Roger writing the LAWmag
Nov 2008

Legal Advice to Mark Cuban: Ferme Ta Geule.

SECIn the United States District Court, Dallas Division, action 3-08CV2050-D, Mark Cuban, the outspoken owner of the National Basketball Association team, the Dallas Mavericks, is charged with insider trading.

The allegation is that he took advantage of insider information regarding Montreal-based before it was made public, and quickly sold his 6% share of the company. According to the Dallas Morning News, this maneuver saved him $750,000.

At the US Securities and Exchange Commission (SEC)’s option, assuming the appropriate facts, the regulatory action may be by way of civil litigation or criminal prosecution, or both. In Cuban’s case, SEC has chosen the civil route.

But Mark Cuban, 50, must have a death wish as he, rather than follow the standard tried-and-true procedure of silence, has chosen to publicly deride the SEC.

With absolutely nothing to gain and everything to lose by doing so, Cuban's testosterone got the best of him and he issued this statement:

"... the Commission chose to bring this case based upon its enforcement staff's win-at-any-cost ambitions. The (SEC) staff's process was result-oriented, facts be damned."

Young lawyers are often thrilled and delighted to discover how their daily work is so interesting to the press.

Every active barrister, on at least a monthly basis, has a case worthy of the local front page.

But a young lawyer who aspires to being a great lawyer, knows that press and justice are not natural partners.

Once in a while, a lawyer can use the press to assist his client’s situation. The rule of thumb, though, and strictly enforced by most bar associations and law society rules of conduct, is that a lawyer must not discuss an active case with the press.

Rule 3.6 of the American Bar Association Rules of Conduct provide:

Mark Cuban

"A lawyer who is participating or has participated in the investigation or litigation of a matter shall not make an extrajudicial statement that the lawyer knows or reasonably should know will be disseminated by means of public communication and will have a substantial likelihood of materially prejudicing an adjudicative proceeding in the matter.

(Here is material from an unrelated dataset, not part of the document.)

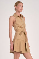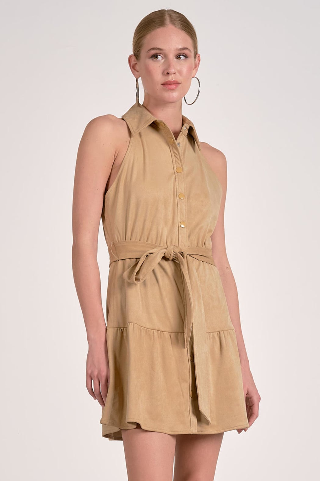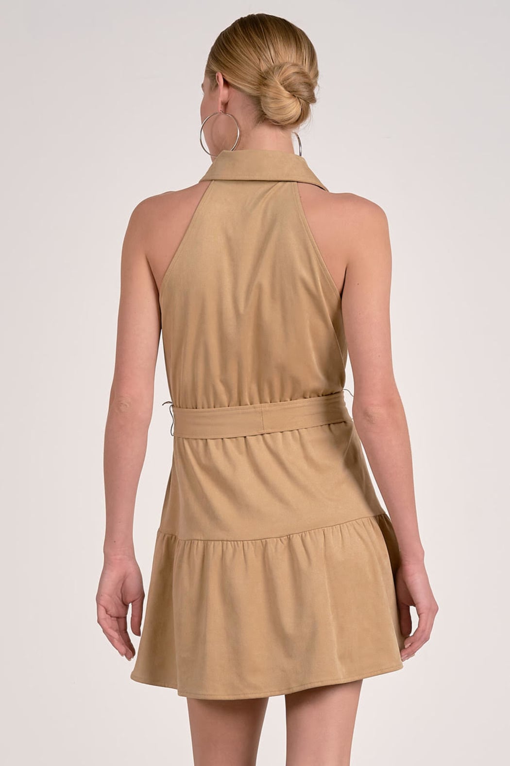 Effortless, sun-kissed elegance starts with the Halter Button-Down Mini Dress in Sand. Crafted from a soft faux-suede–feel fabric, this chic mini blends sophistication with an easygoing vibe you can wear anywhere. The halter neckline offers a flattering, modern twist, while the collared detail and button-down front add a touch of tailored charm.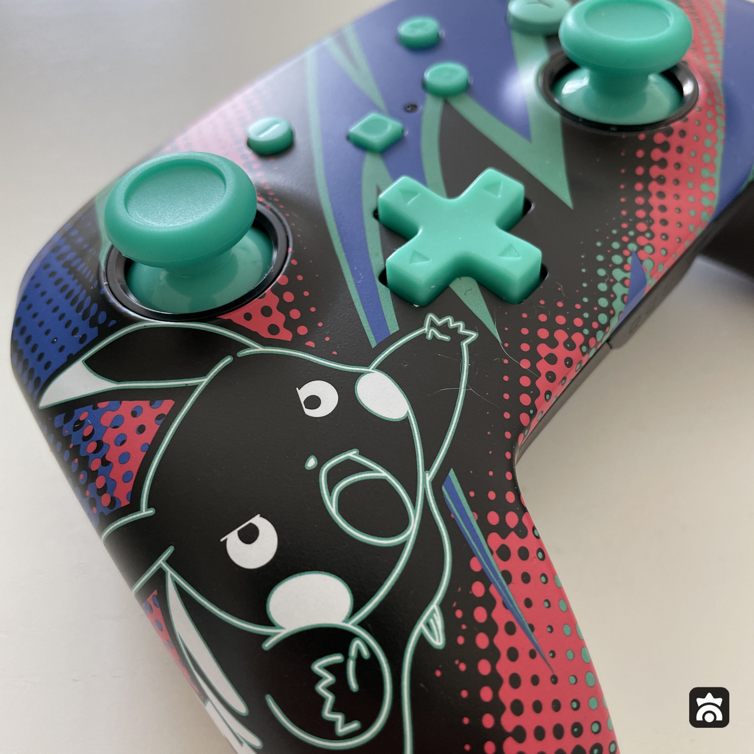 Per quanto quasi psichedelica e piena di forza, la pellicola superiore è abbastanza delicata e rischia di graffiarsi facilmente, infatti purtroppo il prodotto ci è arrivato con dei segni bianchi che sono evidenti anche dalle foto e saltano velocemente all’occhio, rovinando l’effetto scenico del disegno. Molto peculiare è anche il colore verde chiaro, ovviamente neon, dei tasti e degli analogici, che si amalgamano alla perfezione con la palette scelta da PowerA.

"Notwithstanding (the above), a lawyer may make a statement that a reasonable lawyer would believe is required to protect a client from the substantial undue prejudicial effect of recent publicity not initiated by the lawyer or the lawyer's client."

Before any lawyer talks to the press about her case, she has to obtain the clients permission. That means explaining to the client why disclosure to the press would assist the particular dispute.

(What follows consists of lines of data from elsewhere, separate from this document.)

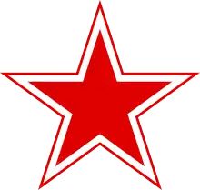 Cocarde en étoile: rouge bordurée blanc liserée rouge. Ancienne cocarde de l'U.R.S.S réutilisée depuis son éclatement en 1992 jusqu'en 2010 et depuis 2013.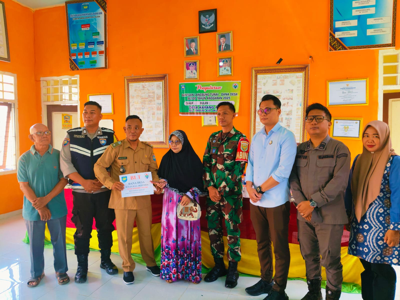 Simpang, OKU Selatan — Bhabinkamtibmas Polsek Simpang Martapura Brigpol Dora Saputra, S.H melaksanakan giat menghadiri kegiatan Penyerahan Bantuan Langsung Tunai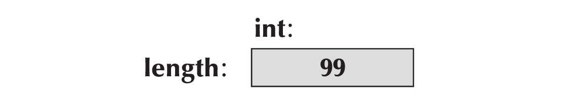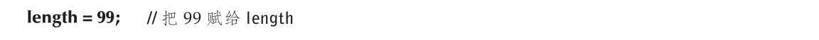 该语句中的length位于赋值号左边(即length是左值),其含义是名字为length的变量,因此赋值表达式的含义是“把99赋给名为length的变量”。要注意区分length用于赋值运算符左边和右边的含义是不同的,length在左边时(即length是左值)表示“名为length的变量”,在右边时(即length是右值)表示“名为length的变量的值”。通过下面的图可以更清楚地解释这个概念: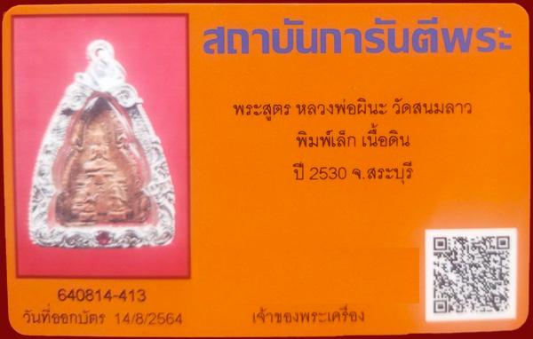 พระสูตรพิมพ์เล็ก ปี พ.ศ. 2530 หลวงพ่อผินะ วัดสนมลาว (เลี่ยมเงิน พร้อมบัตร)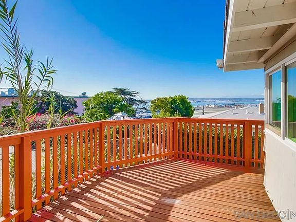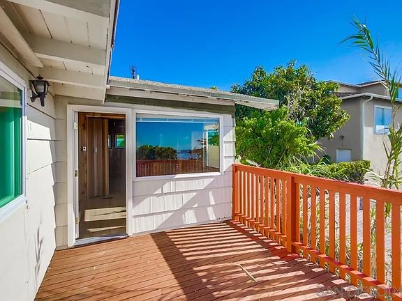 View two-bedroom house in Middletown with a separate legal 1 bedroom apartment. Sweeping views from downtown to Mount Soledad. Built in 1930 by seller's grandfather. Two large garages with block construction. Potential for parking 7 cars offstreet. Quiet house program installed in 2005 on both units. The apartment is rented for $1650 month-to-month and was built around 1950. The house has two bedrooms, a huge great room, new flooring, knotty pine walls, beamed ceilings, fireplace, and a water view deck. RM-2-5 zoning allows for 4 units and this home could easily, if permitted, be divided into more units. The apartment is built over the garages and has an incredible view and a private yard.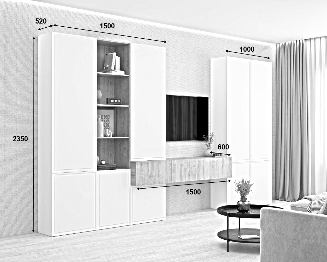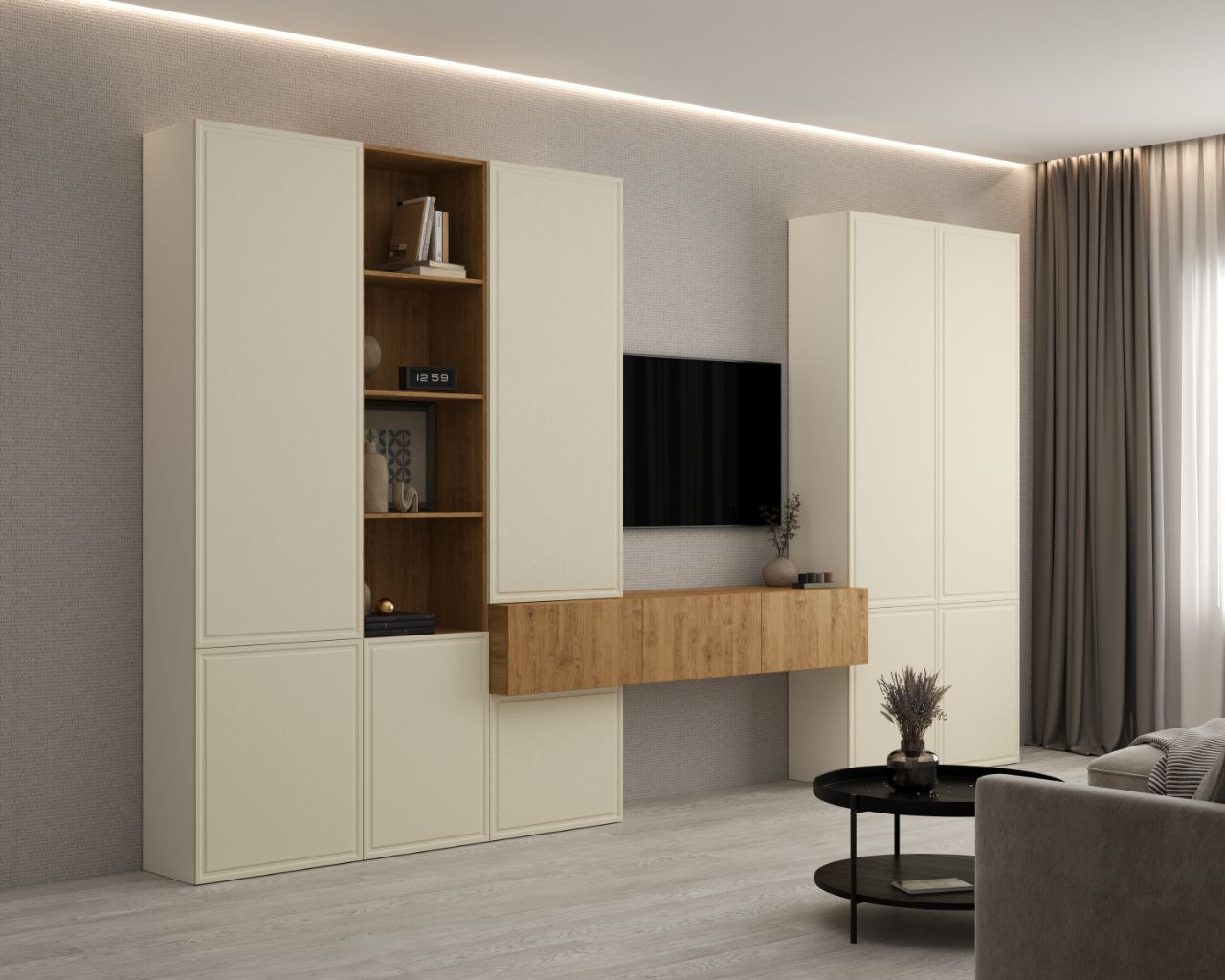 Мебель для гостиной в шпоне на заказ в Москве. Корпус и фасады выполнены из МДФ в шпоне. Ясень + дуб. Возможно два вида исполнения открытия створок. Открытие от нажатия и ручки. Срок изготовления 21-30 календарных дней. Стоимость изделия - 390500 рублей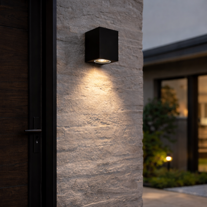 Idéale en éclairage d’entrée, en ponctuation de façade ou en mise en valeur de murs extérieurs, elle conjugue minimalisme architectural et justesse lumineuse.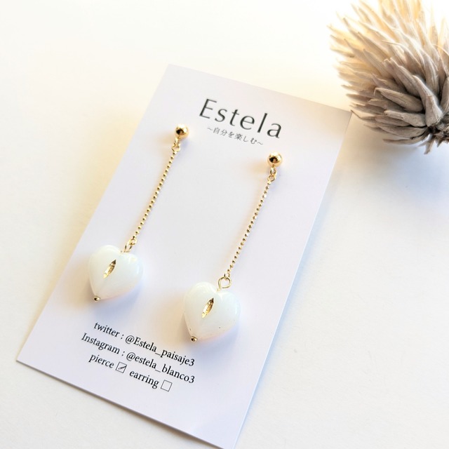 【Sale】ミルキーホワイトのキャンディハートとボールチェーン ピアス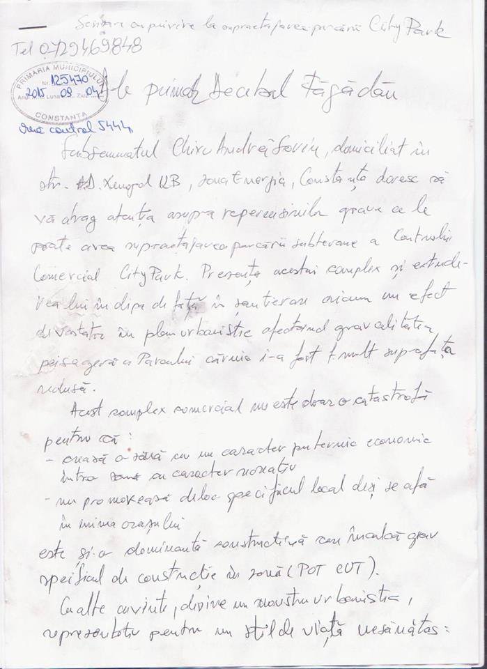 Bineînţeles ca am luat atitudine şi am redactat o petiţie pentru Primărie în care am explicat edililor într-un rezumat de patru pagini toate repercusiunile nocive ale acestei construcţii, implicit ale extinderii – aspecte evindente, dar la noi la Constanţa axiomele trebuiesc demonstrate edililor…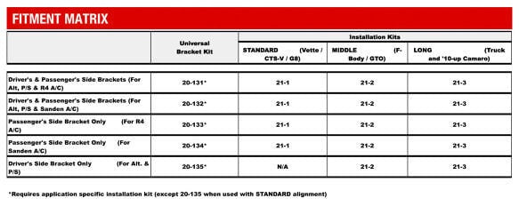 - UNIVERSAL BRACKETS FIT VIRTUALLY ALL COMMON LS ENGINES REGARDLESS OF WATER PUMP & HARMONIC BALANCER OFFSETS REDUCING COST & COMPLEXITY

Many lawyers rush off and talk to the press before consulting with the client thus committing an egregious violation of the rules of conduct. They assume that if ever taken to task, they can retroactively explain to their client and to their law society why they so acted.

Assuming a client’s informed consent, the exception, and not the rule, is to use the press. In one of my cases, the press have already reported on the story before my 99-year old client retained me. She was being evicted from an apartment building for alleged repair work on the apartment building. The headline read "99 Year Old Faces Eviction".

In that case, I had little choice but to feed the press hoping that the negative publicity would persuade the landlord to back off, as it did.

But that is the exception.

Not the rule.

Where a matter or a dispute is in litigation or where litigation is inevitable, talking to the press can never help a client and therefore represents an unnecessary risk.

In litigation, there is a fine line between winning and losing and while talking to the press may boost a lawyer's ego, for the client, it will be like scratching eczema. It will feel good at the time but soon, the piper will have to be paid, usually in burnt bridges to, for example, amicable discussion that might later spark an out-of-court settlement.

When a journalist says that a lawyer "did not return phone calls", the impression left with other lawyers is not of a disorganized professional, but of competence.

What makes Cubans remarks all the more curious is that he has well-known counsel, Paul Coggins and Ralph Ferrara who had the wherewithal, to quote from the Dallas Morning News, to not "return phone calls seeking comment".

But the damage was done.

Cuban's dart to SEC was within a press release of Ferrara’s law firm, Dewey & Leboeuf of New York, that the provocative quote from Cuban was issued.

This, of course, will get Ferrara’s name in the news but what will it do for his client?

Ultimately, it will be up to a judge to decide whether or not Cuban’s actions constitute insider trading.

But to discredit SEC in public with "win at any cost ambition ... facts be damned" will simply motivate this deep pocket, government enforcement agency which has reeled in fish far fatter and far richer than the wealthy Mark Cuban.

Worse, the judicial officer hearing the case will likely of had significant exposure to SEC lawyers. Cuban’s brash and cocky attitude and defiance of SEC will likely run contrary to the judge’s personal relationship with SEC attorneys who frequently appear before him.

In addition, proof of Cuban's cocky attitude and defiance of SEC and, by extension, the  insider trading laws SEC enforces, appears at first glance to be directly relevant to the case SEC has to prove against Cuban.

One can just imagine the SEC lawyers at their desks goading Cuban on:

"Scratch, Mark scratch! You know you want it!"

It boggles the legal mind to read Cuban’s comments.

It should be taught to all law students how not to conduct litigation.